49: What is population coding? Describe the population coding model proposed by Georgopoulos in the 1980s for M1 control of arm direction.

50: Give an example of a specific, well-studied neuronal microcircuit and describe how it performs a specific calculation.

51: Draw a neural circuit representing feedforward inhibition and one representing lateral inhibition. What are the major computational roles of these circuit motifs?

VIII. Neuromodulation And Brain State

60: What is spontaneous activity in the nervous system?
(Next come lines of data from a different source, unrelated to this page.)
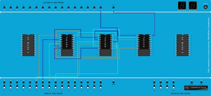 - Connect Pin-16 (Input) of ICBase-3 (74LS08) to Pin-4 (Output) of ICBase-2 (74LS04).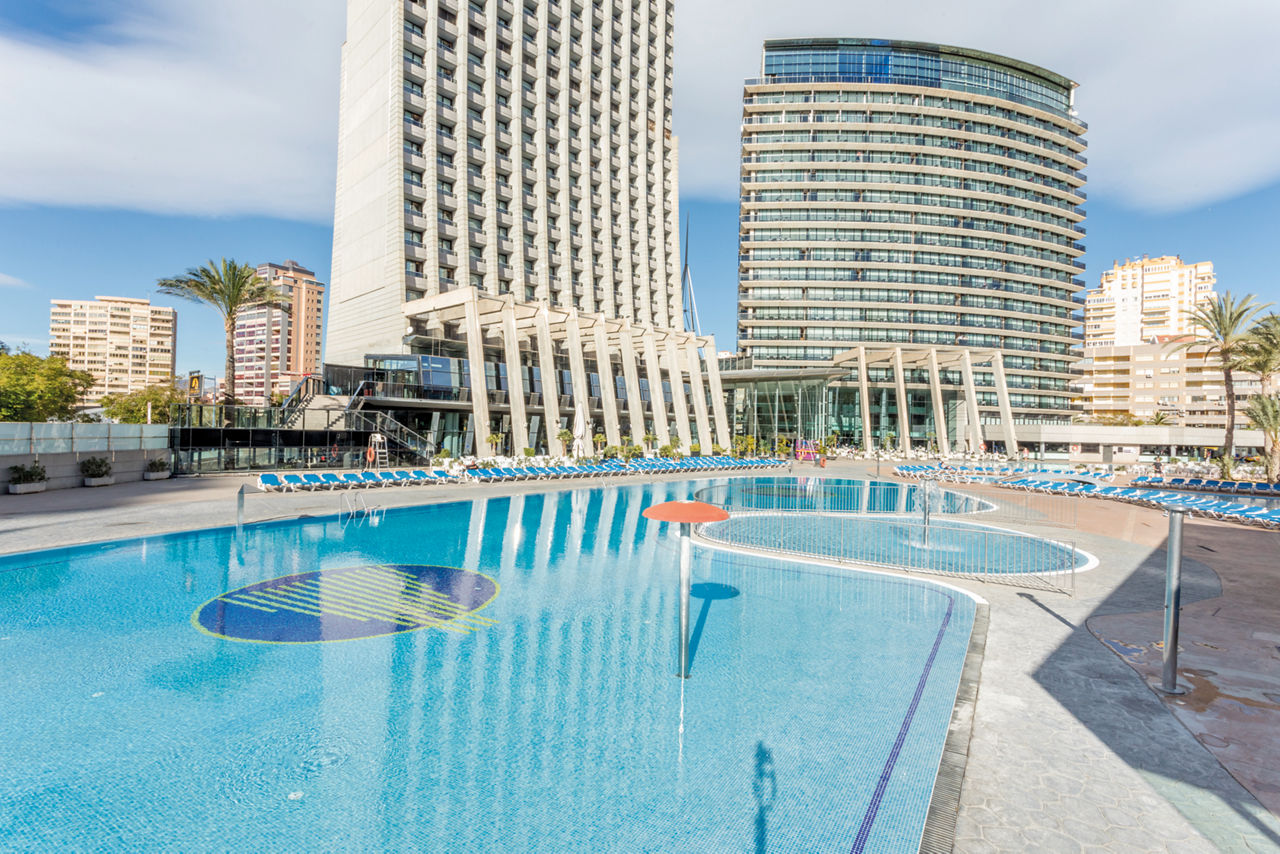 Towering over Benidorm, the Gran Hotel Bali is the tallest hotel in Europe and boasts incredible views of the bay from the 43th floor viewing platform. Popular with both Spanish and British couples and families, guests come back year after year for the well appointed rooms, great service and range of facilities on offer. Ideal for lazy days on the nearby Poniente beach, this hotel is a great choice for a relaxing stay in a vibrant resort.Double and Twin rooms sleep up to 3 adults and 1 child and have air-conditioning, flat screen satellite TV, hairdryer, bathroom and balcony. Single rooms are also available at a supplement.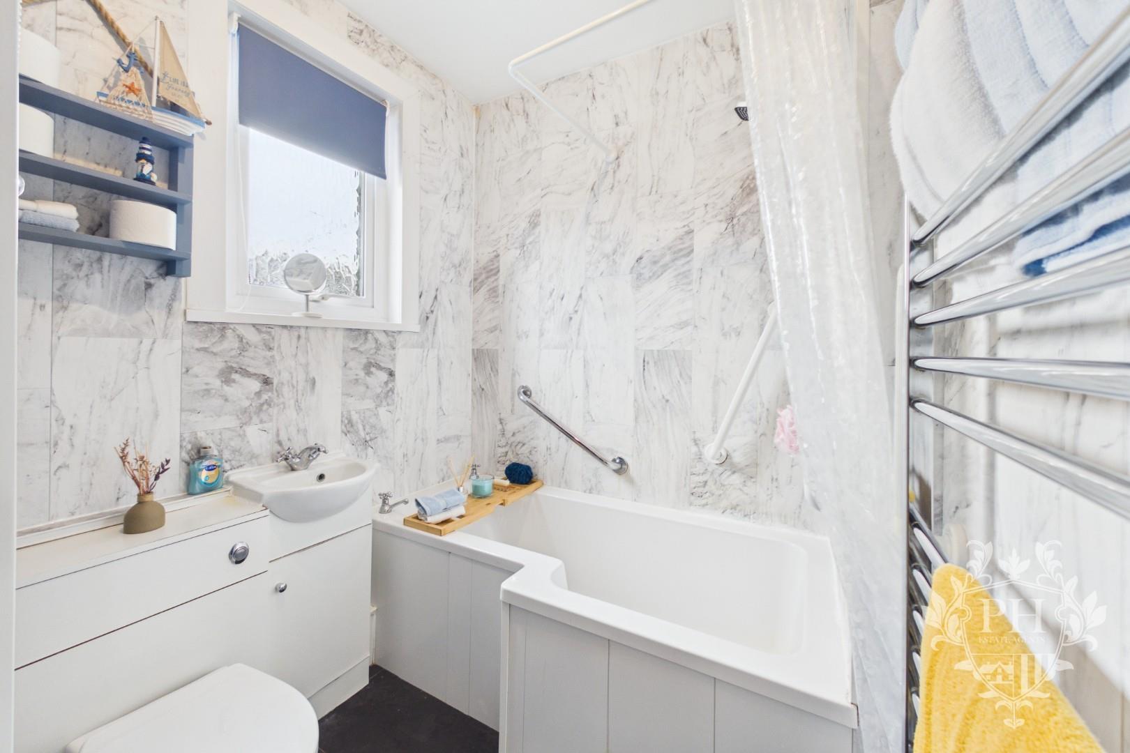 The family bathroom features a stylish three-piece suite, including an L-shaped paneled bathtub fitted with an overhead shower. A sleek hand basin is seamlessly integrated with a modern toilet, both set within a practical storage unit that keeps essentials neatly tucked away. Natural light filters softly through a frosted window, while a radiator beneath provides warmth, all framed by contemporary wall cladding that adds a polished finishing touch to the space.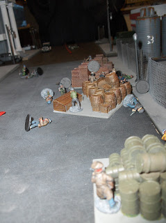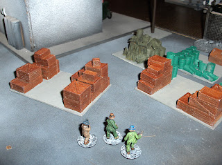 Well, the game ended as expected - the British had made a minor gain on their right flank but the Germans reinforced their supports so the Brits would be in for a fight to hold on. I think when we play this game again I'll start the British a bit farther onto the table - maybe 12" in rather than the 3" or so in this game. It just gives a bit less ground for them to cover. Of course, starting in closer can be a slight disadvantage for them too, as their MGs have fewer turns with clear fields of fire, so that's a nice tradeoff. I'd tweak the rules slightly as well, to allow a "run" move of d6" in the Close Assault phase for troops who didn't shoot.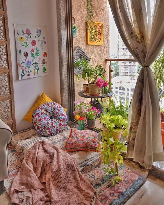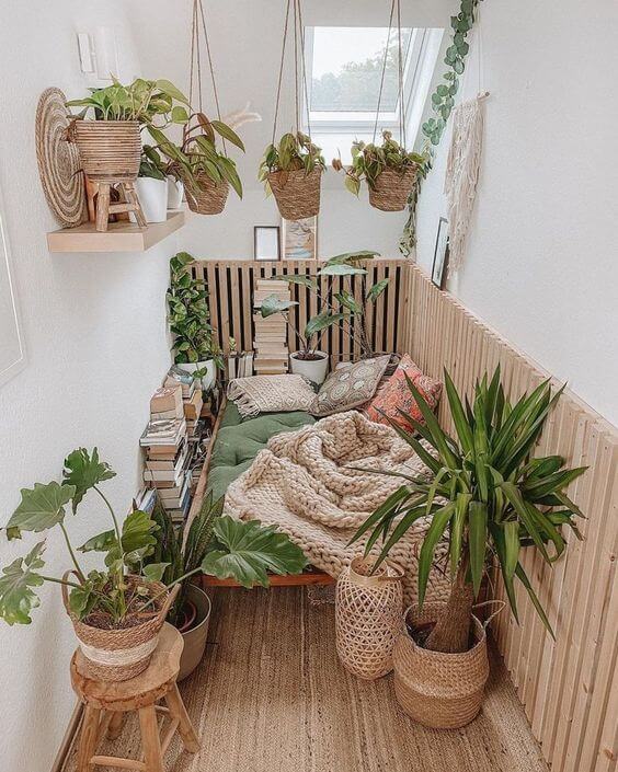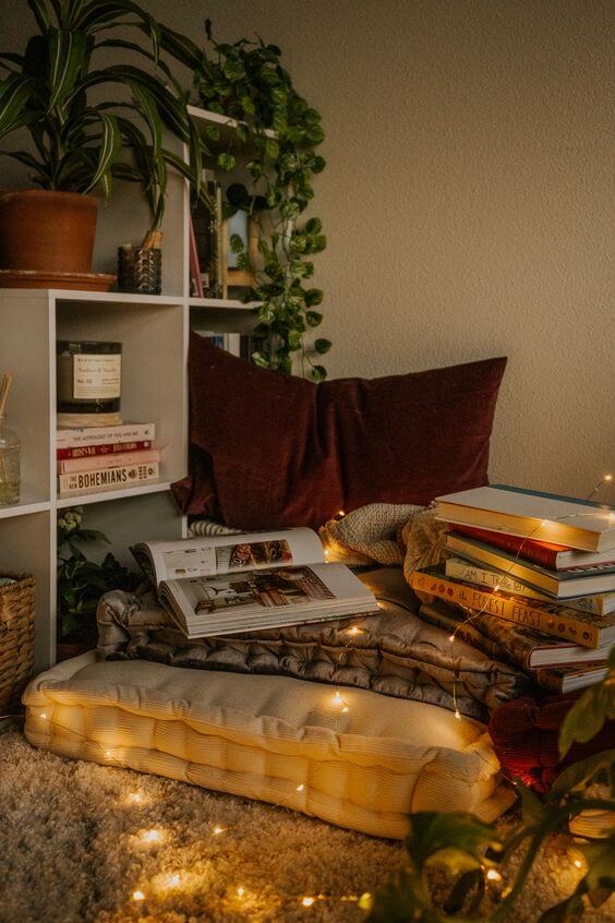 #16 Boho Small Reading Nook with Comfy Pillows and Houseplants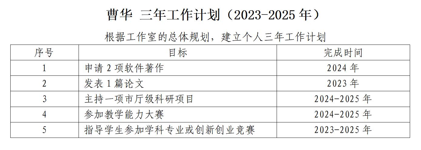 钟国文名师工作室成员三年工作计划(2023-2025年)(曹华)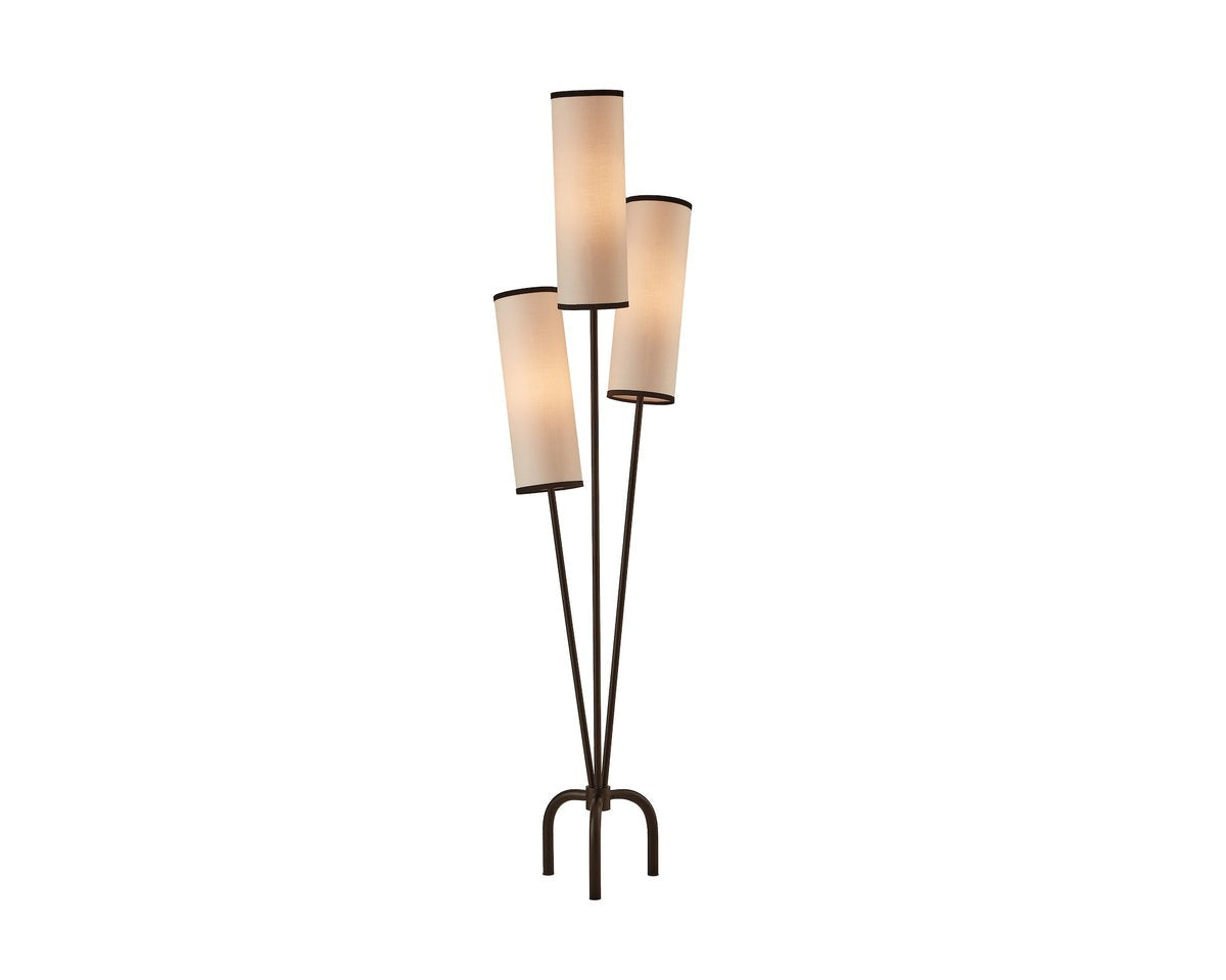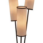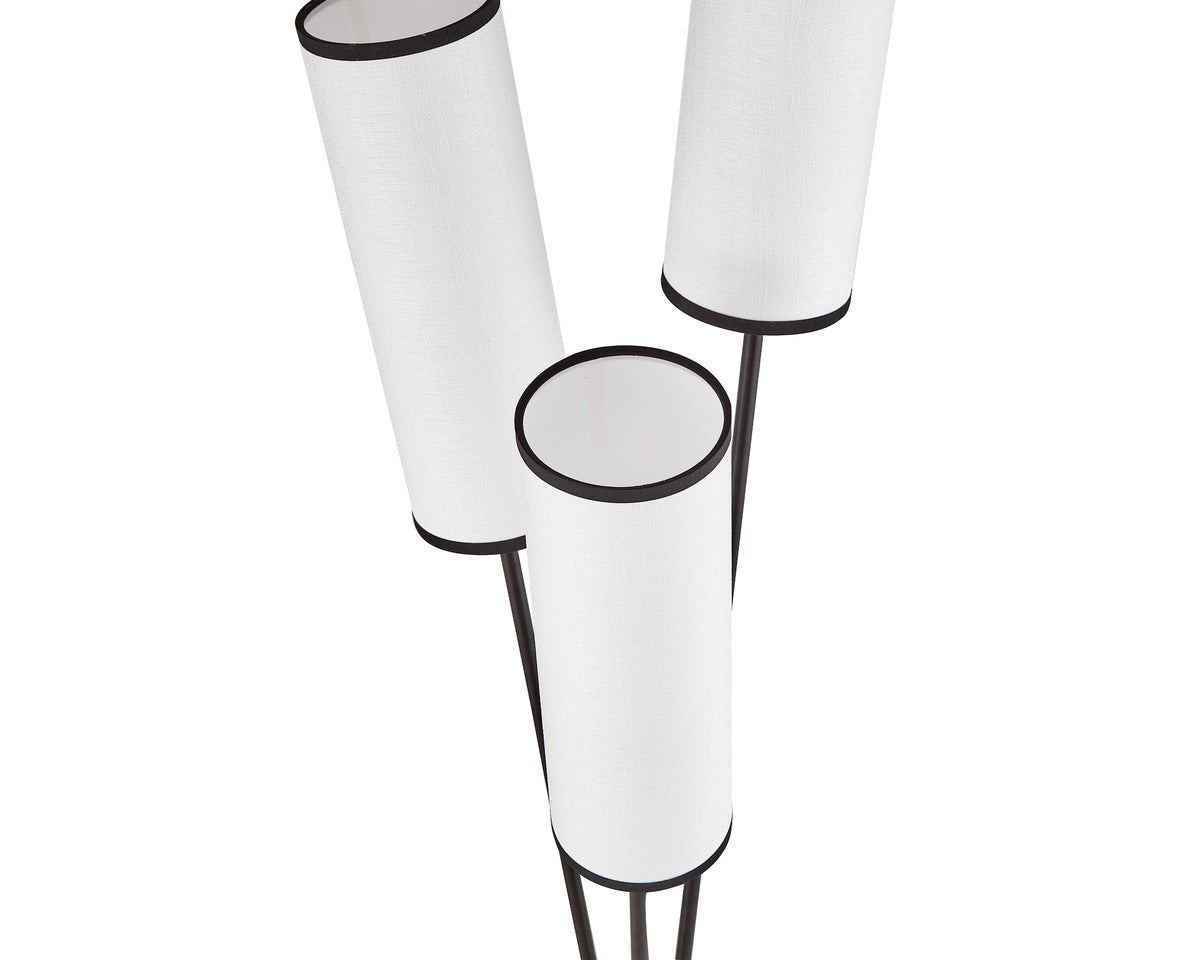 Its graceful, curved legs in black-painted metal support three cylindrical shades, each positioned at a different height for a subtle asymmetric effect. The white linen shades are trimmed with black accents at the top and bottom, creating a refined contrast that immediately draws the eye.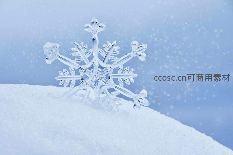 一朵精致的人造水晶雪花轻置于洁白柔软的雪丘上,背景是朦胧飘落的细雪与淡蓝色天空,营造出梦幻纯净的冬日氛围。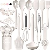 Kitchen Utensils Set, Umite Chef 22Pcs Silicone Cooking Utensils Set, Heat Resistant Silicone Kitchen Spatulas Set with Holder, White Cooking Gadgets Tools Set for Nonstick Cookware, Dishwasher Safe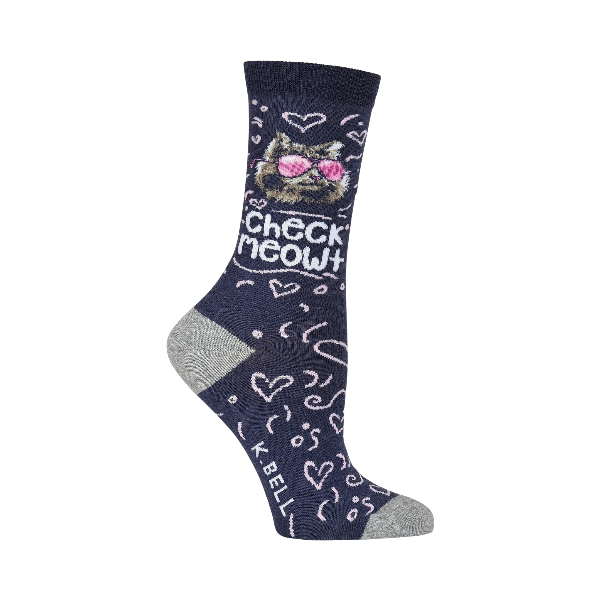 When you are a cool cat, people can't help but notice. Wear these purrfectly silly socks to let them all know you're the cat's meow! Each fun pair of gray and navy crew socks features a sketched heart print in pink with a super awesome cat wearing shades above the ankle. It ain't easy being purrfect.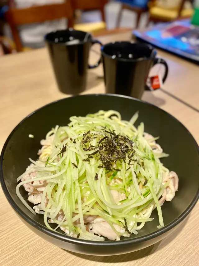 好欣賞佢地既山葵醬,係有D似混入wasabi味既沙律醬,個人好喜歡!凍食麵質更爽口彈牙,配上青瓜絲,更添口感。雞絲同青瓜絲配冷麵真係冇得輸🤩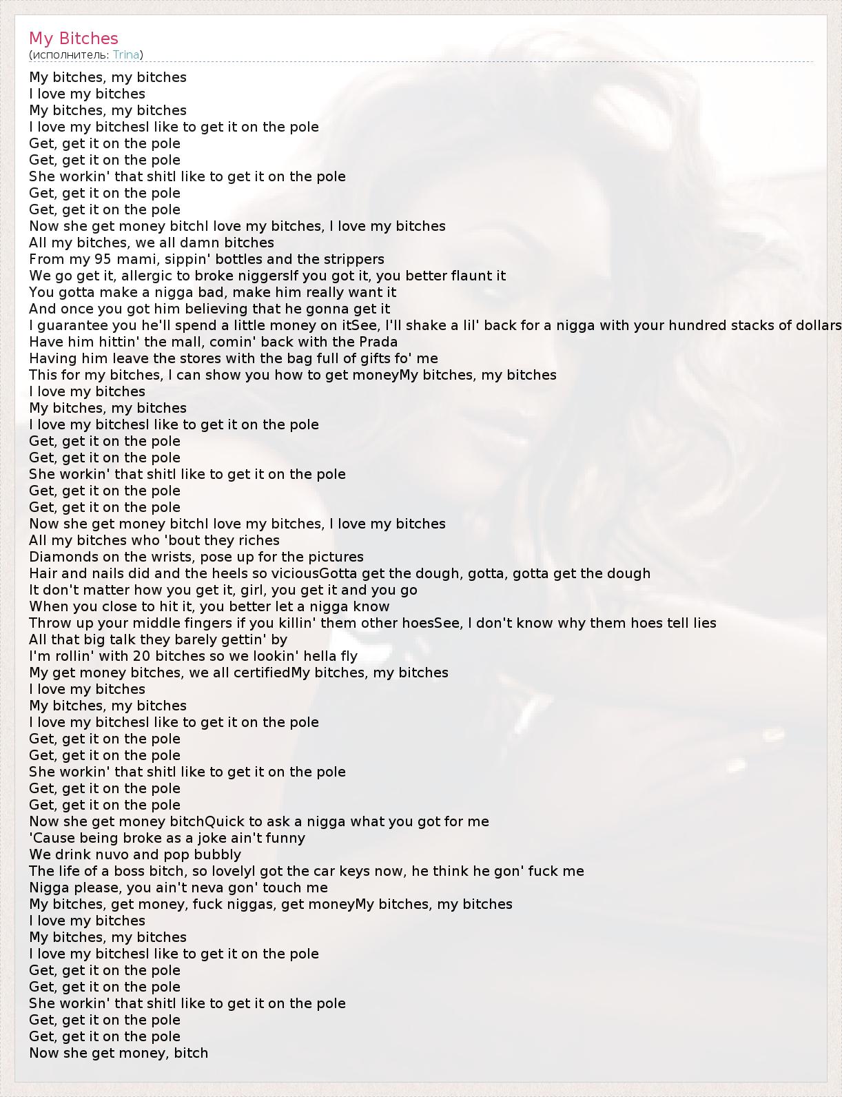 Это интересно:Катрина Лаверн Тэйлор, более известная под сценическим именем Трина, родилась 3 декабря 1978 г. в Майами, Флорида, США.Трина дебютировала с песней «Nann Nigga» в 1998 г. на музыкальном лейбле 'Slip-N-Slide' при поддержке Трика Дэдди. Ее первые два альбома, «золотой» по продажам дебют «Da Baddest Bitch», 2000 г., и последующий «Diamond Princess», 2002 г., получивший подобный статус. Альбомы были выполнены в так называемом... продолжение

Is it random? What does it arise from?

X. Anatomy And Organization

68: What are the basic functions of glia and mechanisms of gliotransmission?

71: Describe the major divisions and functions of the peripheral nervous system.

73: Beginning with Vernon Mountcastle, give three examples of columnar organization in different cortical areas.

XI. Tools And Methods

80: How does an extracellular electrode measure spiking of a neuron? How are spikes different when measured extracellularly verses intracellularly?

81: What is 2-photon microscopy, and how is it used to measure population neural activity?

82: What is information theory? What does entropy measure? Mutual information? How are these quantities relevant to questions of neural coding? (See: Dayan & Abbott, Chapter 4)

83: How does fMRI work? What neurovascular mechanisms generate the BOLD signal?

84: Describe the advantages and disadvantages of each the following experimental methods for cognitive neuroscience studies: PET, EEG, TMS.